Cancerous cells have a ‘fountain of youth’ by continually lengthening telomeres, but some use a different mechanism called the alternative lengthening of telomeres (ALT). This subset makes up 15% of all cancers and is especially prevalent in aggressive tumours such as osteosarcoma and glioblastoma. The team, led by Nanyang Technological University, Singapore (NTU Singapore), showed that ponatinib, a cancer drug approved by the US Food and Drug Administration, blocks key steps in the ALT mechanism that leads it to fail.

The scientists found that ponatinib helped to shrink bone tumours (a type of ALT cancer) without causing weight loss, a common side effect associated with cancer drugs. In mice with tumours treated with ponatinib, they found a reduction in a biomarker for ALT cancer as compared to untreated mice.

The researchers say that the findings move them a step closer to developing a targeted therapeutic option for ALT cancers, which lack clinically approved targeted treatments to date.

Dr Maya Jeitany and a team of researchers from the NTU School of Biological Sciences, together with collaborators are seeking to address this unmet need.

Dr Jeitany, study lead and senior research fellow at NTU’s School of Biological Sciences, said: “A prominent feature of cancer is its ability to evade cell death and acquire indefinite replication – to stay immortal, in other words – which it can do through the alternative lengthening of telomeres (ALT) mechanism. While a sizeable portion of cancer cells depend on this mechanism, there is no clinically approved targeted therapy available.

“Through our study, we identified a novel signalling pathway in the ALT mechanism and showed that the FDA-approved drug ponatinib inhibits this pathway and holds exceptional promise in stopping the growth of ALT cancer cells. Our findings may provide a new direction for the treatment of ALT cancers by repurposing an FDA-approved drug for these types of tumours.”

Commenting as an independent expert, Assistant Professor Valerie Yang, medical oncologist with the Department of Lymphoma and Sarcoma at the National Cancer Centre Singapore, said: “Sarcomas and glioblastomas are both highly complex cancers that are more prevalent in young people and currently have limited treatment options. The identification of a drug that is FDA-approved which can be repurposed to target ALT, an Achilles heel in these cancers, is very exciting.”

To date, there is no clinically approved targeted treatment for ALT cancers. Furthermore, many ALT cancers, such as osteosarcoma and glioblastoma, show resistance to chemotherapy, highlighting the need for a more targeted form of treatment.

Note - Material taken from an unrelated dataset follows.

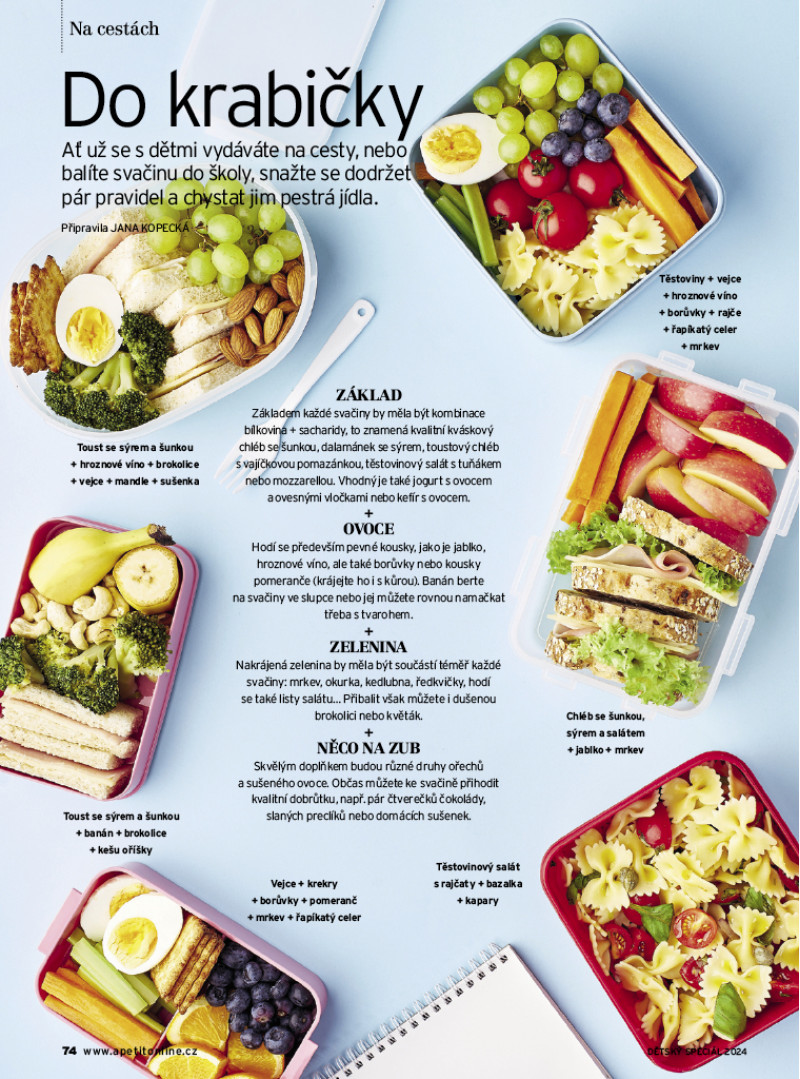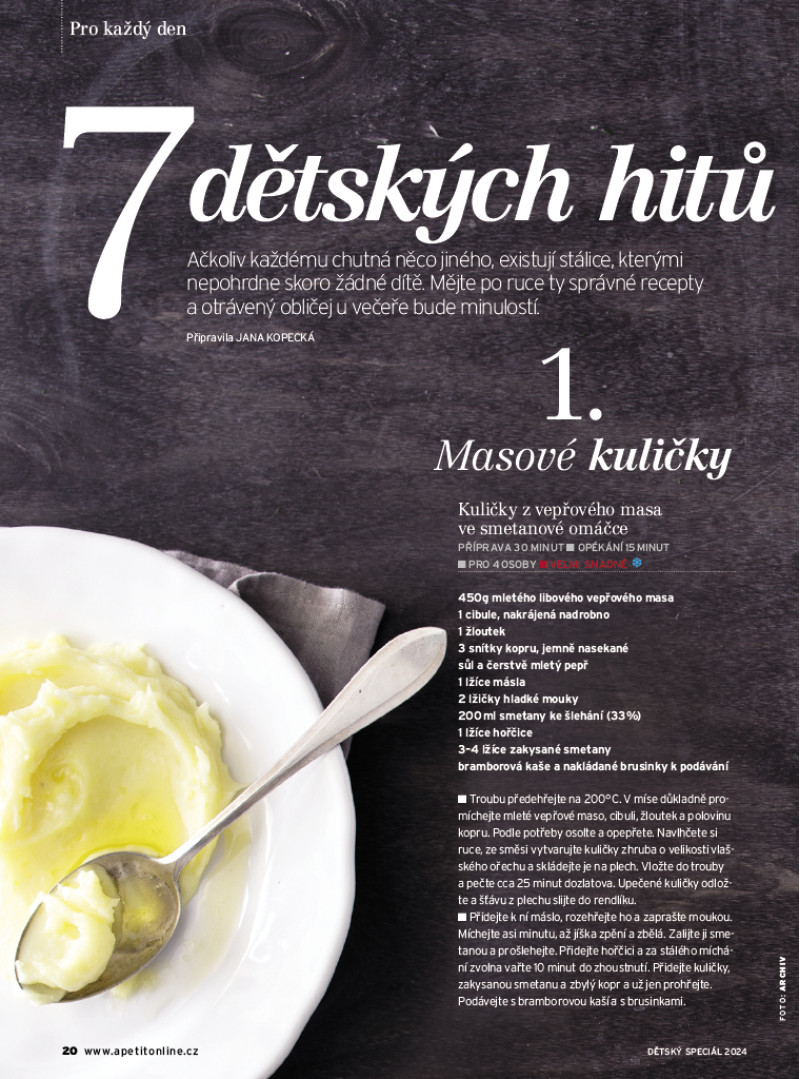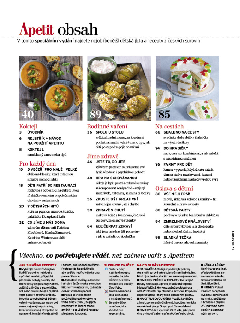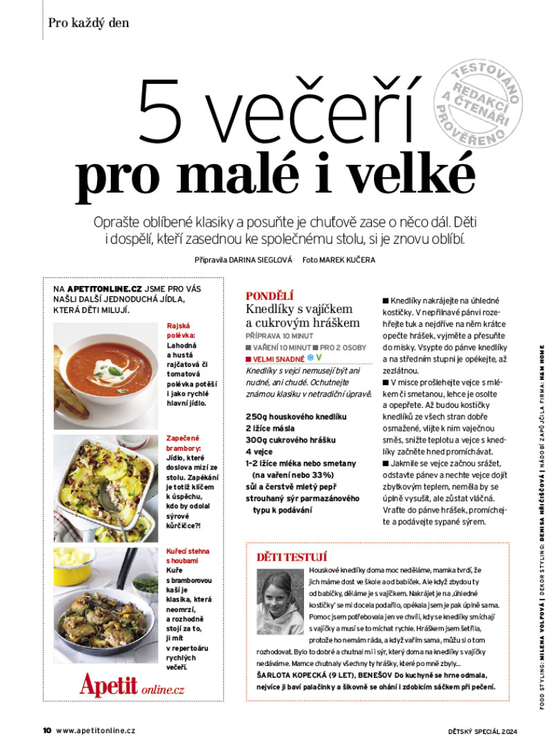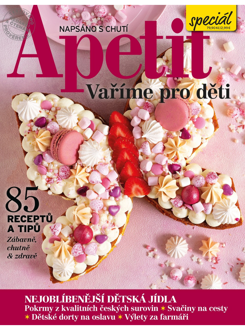 Vařit pro děti je zábava, brzy vám však může dojít inspirace, protože chtějí to samé dokola. Jak obohatit nejmladším členům rodiny jídelníček a vařit zdravě tak, aby jim chutnalo? Dětský speciál Apetitu nabízí 100 stran receptů na nejoblíbenější dětská jídla i novou inspiraci. Najdete zde 5 rychlých večeří, ale také svačiny do školy nebo na výlet. Sestavili jsme pro vás menu na rodinný oběd, aby chutnalo dětem i dospělým, a přinášíme tipy, jak celé rodině do jídla propašovat více prospěšných surovin, jako jsou luštěniny, méně oblíbené druhy zeleniny nebo bílkoviny. Budeme také slavit a vymysleli jsme tři narozeninové dorty, které připravíte z dostupných surovin a jejichž zdobení je sice nápadité, ale zvládne ho každý. K tomu přidáváme tipy na občerstvení na party. Ve speciálu dále najdete rozhovor s expertkou na etiketu Iva Pluháčkovou, která říká, že děti patří do restaurací a měly by se odmalička učit, jak se chovat u stolu. A přinášíme také inspiraci, kam s dětmi vyrazit na farmy, kde nabízejí skvělé produkty i možnost strávit čas mezi zvířaty. Všechna jídla do dětského speciálu jsme otestovali v redakční kuchyni a uvařili jsme je z kvalitních českých surovin. Dostanete od nás i tipy na lokální produkty a výrobce.

Drug affects telomeres in ALT cancer cells

Through high-throughput drug screening and subsequent testing of shortlisted compounds, the scientists discovered that ponatinib, a drug approved by the FDA for a type of bone marrow cancer, can kill ALT cancer cells effectively.

When osteosarcoma and liposarcoma cells were treated with ponatinib, the scientists found that the drug led to DNA damage, dysfunctional telomeres, and triggered senescence. Importantly, the synthesis of telomeres in the cells also dropped after 18 to 20 hours of treatment with the drug.

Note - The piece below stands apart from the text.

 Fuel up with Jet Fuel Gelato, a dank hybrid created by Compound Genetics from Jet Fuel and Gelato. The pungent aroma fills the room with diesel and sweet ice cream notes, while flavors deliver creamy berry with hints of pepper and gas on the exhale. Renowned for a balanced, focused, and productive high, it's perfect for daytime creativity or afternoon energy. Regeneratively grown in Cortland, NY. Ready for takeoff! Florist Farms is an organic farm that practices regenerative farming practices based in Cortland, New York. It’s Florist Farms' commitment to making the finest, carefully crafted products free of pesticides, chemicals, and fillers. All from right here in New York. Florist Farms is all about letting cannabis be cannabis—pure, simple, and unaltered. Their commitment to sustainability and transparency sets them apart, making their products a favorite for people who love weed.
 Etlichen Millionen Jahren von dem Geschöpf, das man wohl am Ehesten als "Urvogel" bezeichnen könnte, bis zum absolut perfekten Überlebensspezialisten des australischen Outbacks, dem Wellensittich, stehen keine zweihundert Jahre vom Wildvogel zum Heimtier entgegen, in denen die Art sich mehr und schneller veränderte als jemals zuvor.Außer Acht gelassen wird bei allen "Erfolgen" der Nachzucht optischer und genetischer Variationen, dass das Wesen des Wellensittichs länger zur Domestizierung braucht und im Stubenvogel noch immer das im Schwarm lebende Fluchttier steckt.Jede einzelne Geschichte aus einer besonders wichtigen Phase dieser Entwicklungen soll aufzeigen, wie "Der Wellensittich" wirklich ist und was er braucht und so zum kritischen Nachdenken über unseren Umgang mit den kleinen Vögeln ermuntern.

Pre-clinical studies conducted on mice that had received transplants of human bone cancer cells further validated the potential of ponatinib. The drug reduced the tumour sizes without affecting the mice’s body weight, a common side effect associated with cancer treatments.

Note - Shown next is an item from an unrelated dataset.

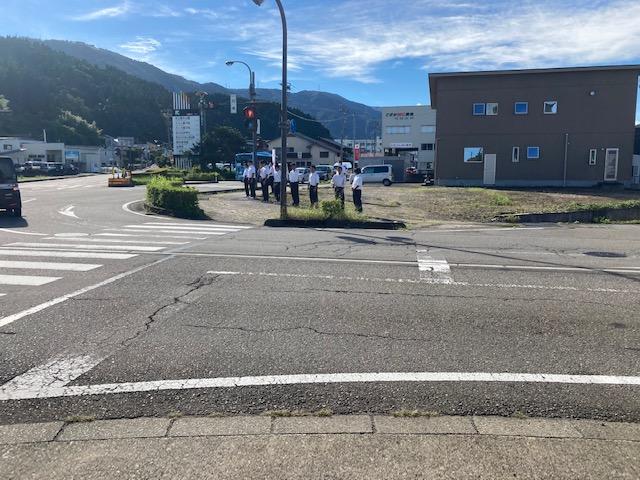 2022年9月7日 08時33分いよいよ就職試験が始まります。3年生の希望者が鶴来警察署前で元気に挨拶をしてくれました。

In mice with tumours treated with ponatinib, there was also a reduction in a biomarker for ALT cancer as compared to untreated mice – an indicator that the drug was effective in inhibiting ALT cancer growth.

The scientists ran further tests to identify ponatinib’s mode of action on telomeres in ALT cancer cells and identified a signalling pathway (a series of chemical reactions in which a group of molecules in a cell work together to control a cell function) that could be responsible for the drug’s effect on ALT.

The researchers are now studying further how ponatinib affects telomeres to understand in more detail the signalling pathway they have identified. They are also assessing potential ponatinib-based combinatorial drug treatments for ALT cancers.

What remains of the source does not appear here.